NAME
URL::RegexMatching - A library of utility methods for matching URLs with regex patterns.
SYNOPSIS
#!/usr/bin/perl
use strict;
use warnings;
use URL::RegexMatching qw(url_match_regex http_url_match_regex);
my $text = <<SAMPLE;
This is some sample text with links like
<http://foo.com/blah_blah/> and others like WWW.EXAMPLE.COM
and bit.ly/foo. And what about something like a
mailto:name\@example.com pattern?
SAMPLE
my $url_regex = url_match_regex;
my $http_regex = http_url_match_regex;
print "Using this sample text:\n";
print "$text\n";
print "These strings are probably links:\n";
while ($text =~m{$url_regex}g) {
print "\t$1\n";
}
print "\nWeb URLs:\n";
while ($text =~m{$http_regex}g) {
print "\t$1\n";
}
$text =~s{$http_regex}{<a href="$1">$1</a>}g;
print "\n\n";
print "Convert only HTTP links to HTML links using http_url_match_regex:\n";
print "$text\n";
DESCRIPTION
This package is based on regular expression patterns initially developed by John Gruber of Daring Fireball fame. This module is simply a packaging of his work to make utilization by the Perl community easier.
METHODS
url_match_regex
This method takes no arguments and returns a compiled regular expression matching pattern. The pattern will liberally match string that appear to be various HTTP, HTTPS and mailto including a best attempt to identify relative URLs.

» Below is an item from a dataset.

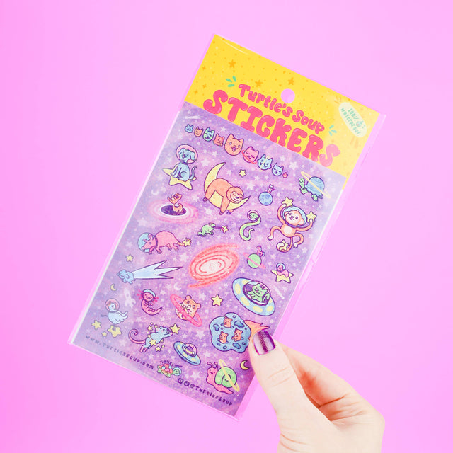 Cosmic Critters' sticker sheet by Turtle's Soup 🐢 Our Kiss Cut Sticker Sheets are 4 inches by 6 inches and include one (1) sheet per package, with 10 to 20 individual waterproof, vinyl stickers on each. 🐢Each sheet is enclosed in a sleeve with an art backing card and are retail-ready! 🐢Stick them on water bottles, laptops, cars, coolers, helmets, skateboards, or just about any flat surface you can think of.

This method can be exported by request.
http_url_match_regex
This method takes no arguments and returns a compiled regular expression matching pattern. This pattern will liberally match only web URLs -- http, https and relative forms such as www.example.com
This method can be exported by request.
KNOWN ISSUES
Both regular expression patterns are known to fail against URL strings such as:
When using the http_url_match_regex
method it is likely to match link strings whose domain/file path looks like a web URL, but uses a different protocol such as 'ftp://www.example.com/foo.txt' where the match would capture all but the 'ftp://' part.
SUPPORT
Bugs should be reported via the GitHub project issues tracking system: http://github.com/tima/perl-url-regexmatching/issues
AUTHOR
Timothy Appnel <tima@cpan.org>
SEE ALSO
http://daringfireball.net/2010/07/improved_regex_for_matching_urls
COPYRIGHT AND LICENCE
This module is based on the work of John Gruber of Daring Fireball. John writes "this pattern is free for anyone to use, no strings attached. Consider it public domain."
The software is released under the Artistic License. The terms of the Artistic License are described at http://www.perl.com/language/misc/Artistic.html.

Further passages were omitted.